Congress is now in the process of deciding what to do about the tax cut that President Carter proposed to keep the economy expanding. If there is no tax cut at all, according to the Congressional Budget Office, prices might be two-tenths of a percentage point lower by the end of 1980 than they would otherwise have been. But unemployment would be somewhat more than two-tenths of a point higher than it would have been, as Alice Rivlin, the CBO's director, told the House Budget Committee. Since two-tenths of a point means slightly over 200,000 jobs, that is hardly a neligible impact. But neither is it a massive or insupportable increase, compared with the normal monthly fluctuations of employment. In Congress the interest in a big tax cut this year has been tepid from the beginning, and now seems to be fading altogether.
Why has inflation picked up since early this year? Mrs. Rivlin cited several reasons: a surge in food prices, the slide in the international value of the dollar, last January's increases in payroll taxes and minimum wages.
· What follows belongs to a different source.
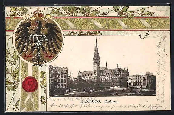 Passepartout-Lithographie Hamburg, Partie am Rathaus, Reichsadler mit Wappen und Eichenzweig

To that list we would add the hugely inflationary settlement of the coal strike last March and, not unrelated to it, rising prices of coal and steel. Mrs. Rivlin made an important point about the nature of the current inflation when she observed that, even setting aside the possibility of further new shocks to the economy, it is possible to foresee only a slight reduction in the inflation rate next year. The reason is that prices and wages throughout the country will be moved up by the prevailing inflation figure, whatever that might be, as companies and their employees struggle to maintain the real value of their earnings. Each year's inflation tends to become the base for the following year's rate.
The recent acceleration has revived talk of mandatory controls on wages and prices, in the style of the Nixon program of 1971-73. If there is one thoroughly discredited idea in economic policy, it is that one. Mr. Carter has been absolutely right to rule it out. But if it's out, what's left?
The choices, to be candid, are not brilliant. Experience argues in favor of using a great variety of narrow and specific attacks. Since, for example, raising payroll taxes and minimum wages has contributed to this year's increase in inflation, Congress might want to reconsider - after the election - the laws that would continue to raise payroll taxes and minimum wages in the future.
One interesting new idea is a device known as TIP - for Tax-Based Incomes Policy - that would raise the taxes of a company that gave inflationary wage increases to its employees. The concept and its drawbacks are explored at length, incidentally, in the current issue of the Brookings Papers. The gravest of these drawbacks is that, as a practical matter, it would be extremely difficult to administer. But the present stage of the debate over inflation was accurately described by one of TIP's authors, Henry C. Wallich of the Federal Reserve Board, when he said: "Of course, nobody likes TIP per se. It is really a question of the alternatives. We are running out of good options and have to look at choices among unattractive ones."